Introduction to Linearizing with Logarithms

Brokk Toggerson

Introduction

In a previous lab, you used algebra to linearize data: you just moved variables around to make something that wasn’t a line look like a line so that you could fit it. While this is a common way of linearizing data, a far more common approach is to use logarithms. Logarithms can also be used to linearize data and are seen throughout the literature in the form of log-lin plots, where instead of plotting y vs. x, one plots the logarithm of y vs x, and log-log plots, where the logarithm of y is plotted against the logarithm of x.

Log-Lin Plots

For example, when I plot the number of COVID-19 cases in the US in March 2020 according to the WHO, the result is an exponential looking curve.
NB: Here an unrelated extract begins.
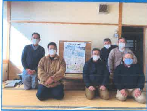
2月12日午前9時に卒業設計コンペ審査員6名が平労働福祉会館に集まり審査会が開催されました。

た。審査会が始まる前に、作品39点を写真に収めました。表彰式に作品集として卒業する皆さんへの配布のためです。会議室は和室が使用され、学校からお借りした、39名の作品を畳の上に一同に並べ審査員は、付箋を持ち優秀とみられる作品におおの図面に張り付けていく作業を行いました。審査員はひとり一人10名の優秀作品を選び、全員が選び終わると、付箋が貼られた作品をひとつのグループに集め順位を決めていく作業をしました。6人の審査員が話し合いながら2時間を掛けて選び出し10名の入選者を抽出することが出来ました。作品は最優秀賞を紹介しています。

US COVID-19 Cases in March 2020 according to the WHO are exponential

However, if I plot the natural logarithm (ln) of the number of cases on the vertical axis instead, the result is a straight line, and we know how to fit those!

Natural logarithm of the number of COVID-19 Cases in the US March 2020 according to WHO is linear

Log-Log Plots

Another example is so-called Kleiber’s Law which is an empirical relationship between  metabolic rate of organisms P and their mass M

P = a M^b

where a is a constant and b is the power. Thommen et al [1] looked at this relationship in planarians (flatworms). The result is shown below along with an ordinary least fit line. You can see that the data are not exactly linear.

Metablolic rate [uW] vs. planarian mass [mg] follows a non-linear relationship

However, when, as is done in the paper, the data are plotted logarithmically, this time on both the horizontal and vertical axes, the result is a line.

Metabolic rate as a function of mass plotted on logarithmic scales is a linear relationship

Due to the properties of logarithms (reviewed in a later section), the slope of this line is the power b and the intercept is b \log ( a ). It turns out, for reasons not completely understood, that the power b \approx 0.75 for a large range of species from bacteria to humans as seen in their figure 1D shown below and described more in A. Makarieva et al [2].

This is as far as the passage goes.